▸ DATASET ENTRIES
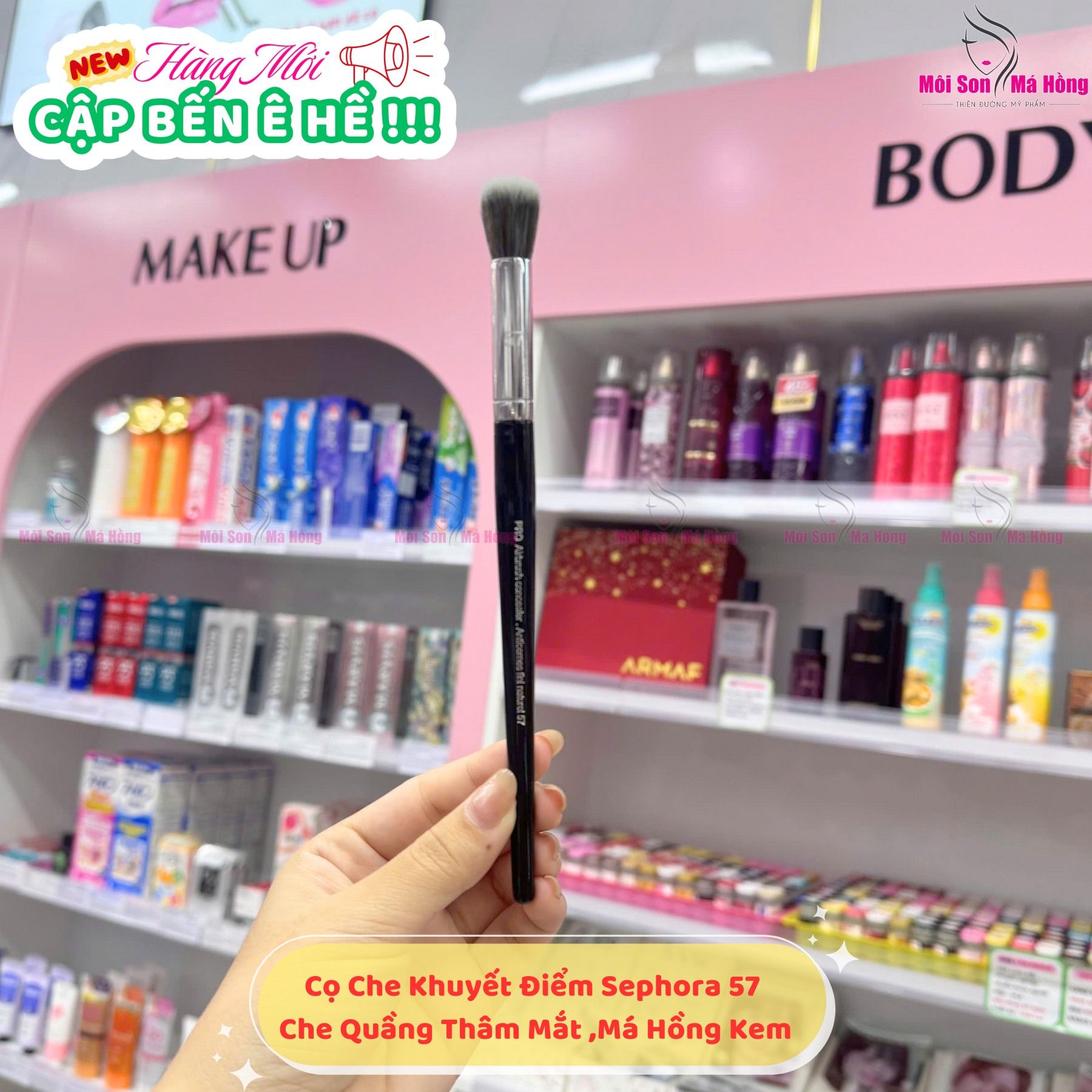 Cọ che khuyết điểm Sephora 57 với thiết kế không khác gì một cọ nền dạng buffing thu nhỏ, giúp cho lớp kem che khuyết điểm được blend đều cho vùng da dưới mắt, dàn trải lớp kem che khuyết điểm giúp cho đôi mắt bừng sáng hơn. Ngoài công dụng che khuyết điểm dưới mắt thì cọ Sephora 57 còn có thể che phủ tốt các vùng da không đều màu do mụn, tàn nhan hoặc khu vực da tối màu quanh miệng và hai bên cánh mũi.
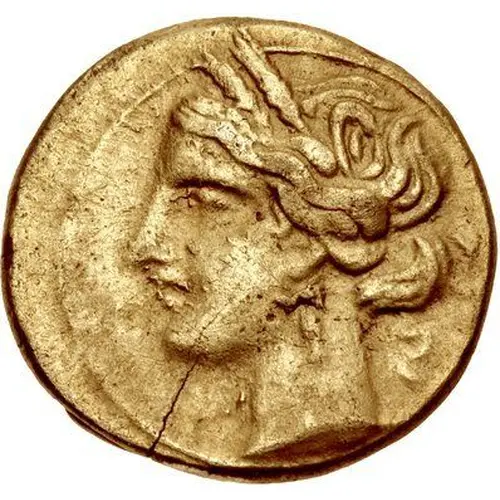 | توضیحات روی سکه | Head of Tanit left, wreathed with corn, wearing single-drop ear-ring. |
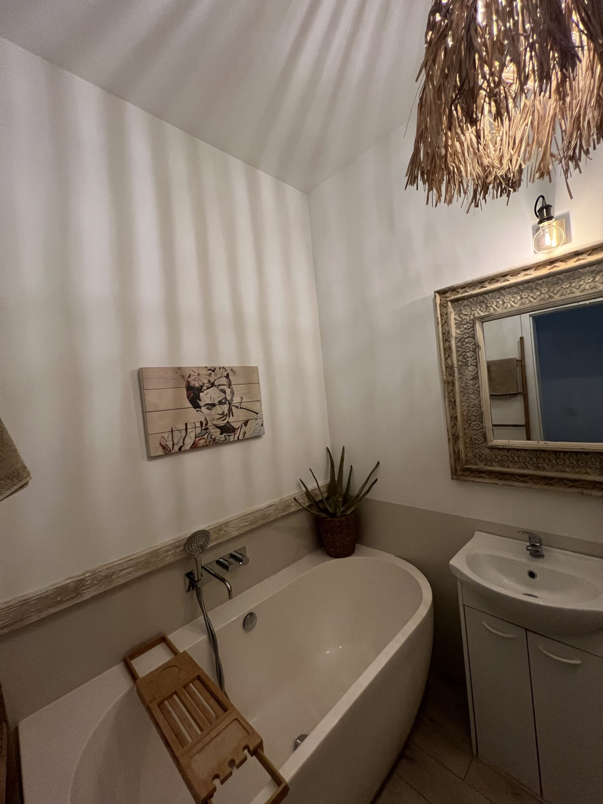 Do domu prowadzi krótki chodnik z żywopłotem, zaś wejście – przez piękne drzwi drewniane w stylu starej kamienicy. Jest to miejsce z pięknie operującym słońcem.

==

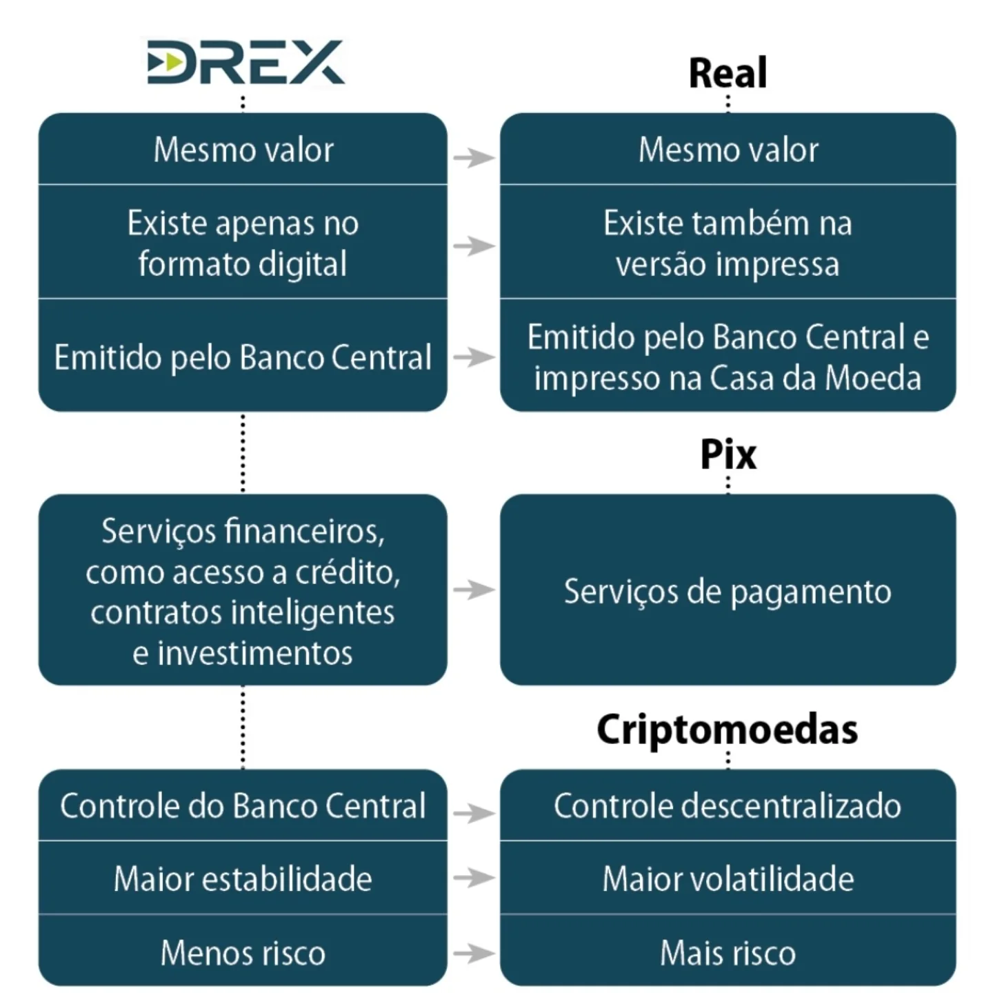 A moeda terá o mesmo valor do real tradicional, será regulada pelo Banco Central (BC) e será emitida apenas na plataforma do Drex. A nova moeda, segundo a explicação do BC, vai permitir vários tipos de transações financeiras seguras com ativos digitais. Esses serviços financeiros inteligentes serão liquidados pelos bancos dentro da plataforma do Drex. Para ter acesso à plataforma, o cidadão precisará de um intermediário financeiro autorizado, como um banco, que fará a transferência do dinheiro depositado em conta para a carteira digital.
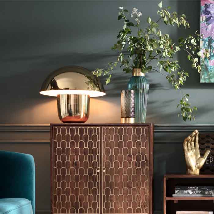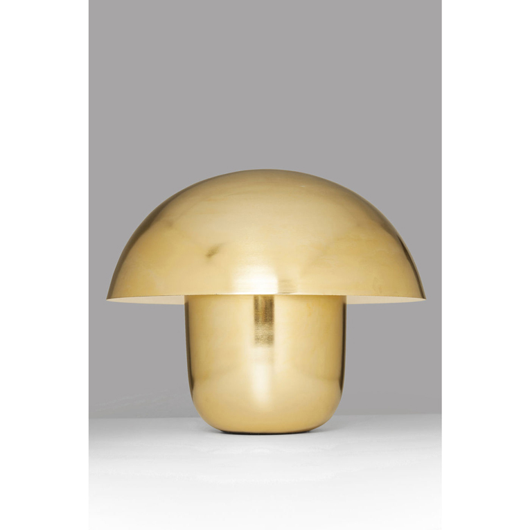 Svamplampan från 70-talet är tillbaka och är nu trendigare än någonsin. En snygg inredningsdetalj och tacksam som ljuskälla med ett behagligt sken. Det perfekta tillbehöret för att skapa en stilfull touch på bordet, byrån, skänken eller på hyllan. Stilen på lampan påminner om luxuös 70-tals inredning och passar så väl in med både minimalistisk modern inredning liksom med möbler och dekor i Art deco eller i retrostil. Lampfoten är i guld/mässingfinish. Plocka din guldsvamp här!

--

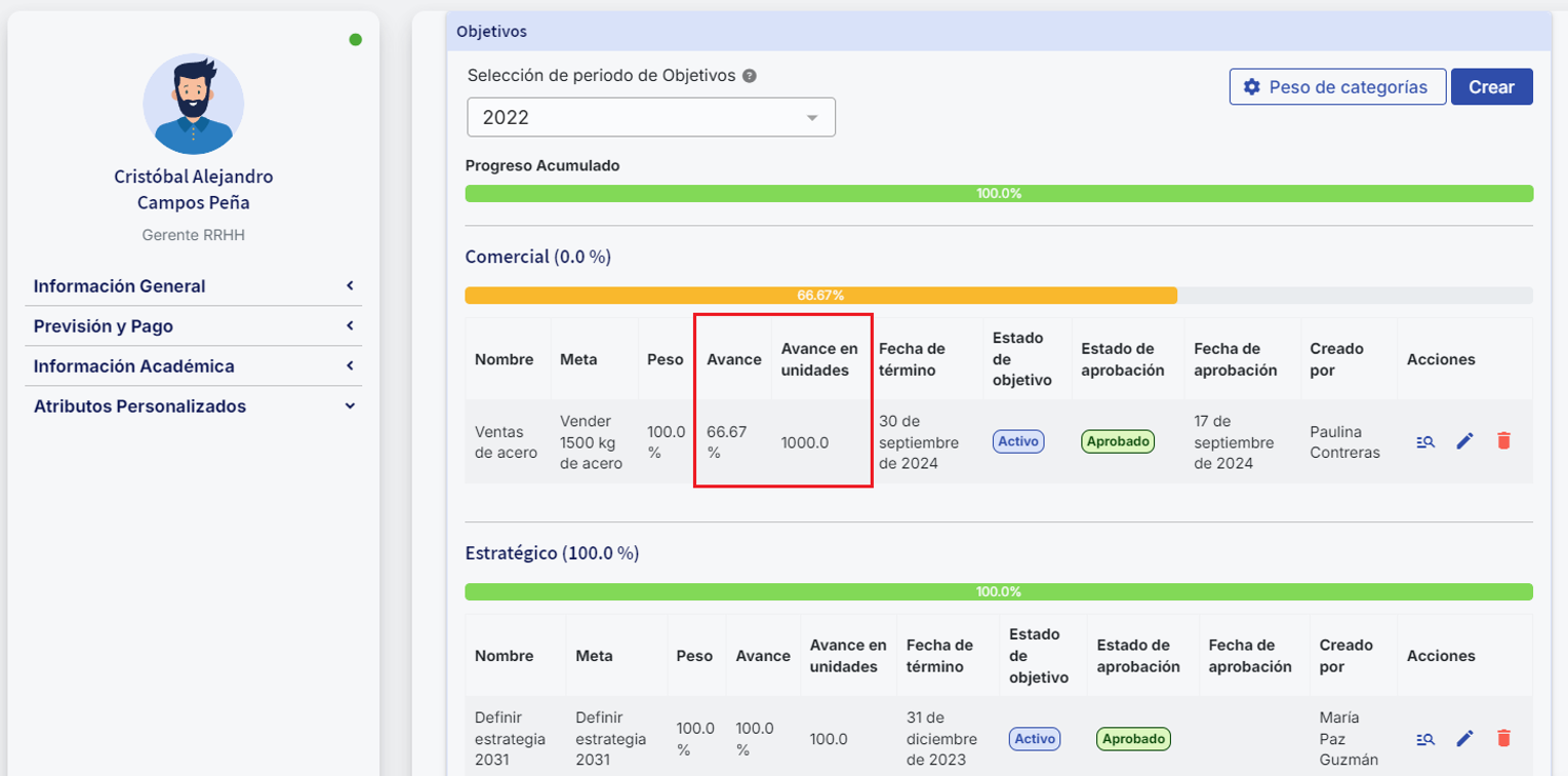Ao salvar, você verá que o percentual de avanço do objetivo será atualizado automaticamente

▸ WHAT YOU ARE ASKED TO DO
Leave out the images and write out the lines above exactly, from the one with "Cọ che khuyết" up to and including the one with "Do domu prowadzi".

▸ ANSWER AREA
 Cọ che khuyết điểm Sephora 57 với thiết kế không khác gì một cọ nền dạng buffing thu nhỏ, giúp cho lớp kem che khuyết điểm được blend đều cho vùng da dưới mắt, dàn trải lớp kem che khuyết điểm giúp cho đôi mắt bừng sáng hơn. Ngoài công dụng che khuyết điểm dưới mắt thì cọ Sephora 57 còn có thể che phủ tốt các vùng da không đều màu do mụn, tàn nhan hoặc khu vực da tối màu quanh miệng và hai bên cánh mũi.
 | توضیحات روی سکه | Head of Tanit left, wreathed with corn, wearing single-drop ear-ring. |
 Do domu prowadzi krótki chodnik z żywopłotem, zaś wejście – przez piękne drzwi drewniane w stylu starej kamienicy. Jest to miejsce z pięknie operującym słońcem.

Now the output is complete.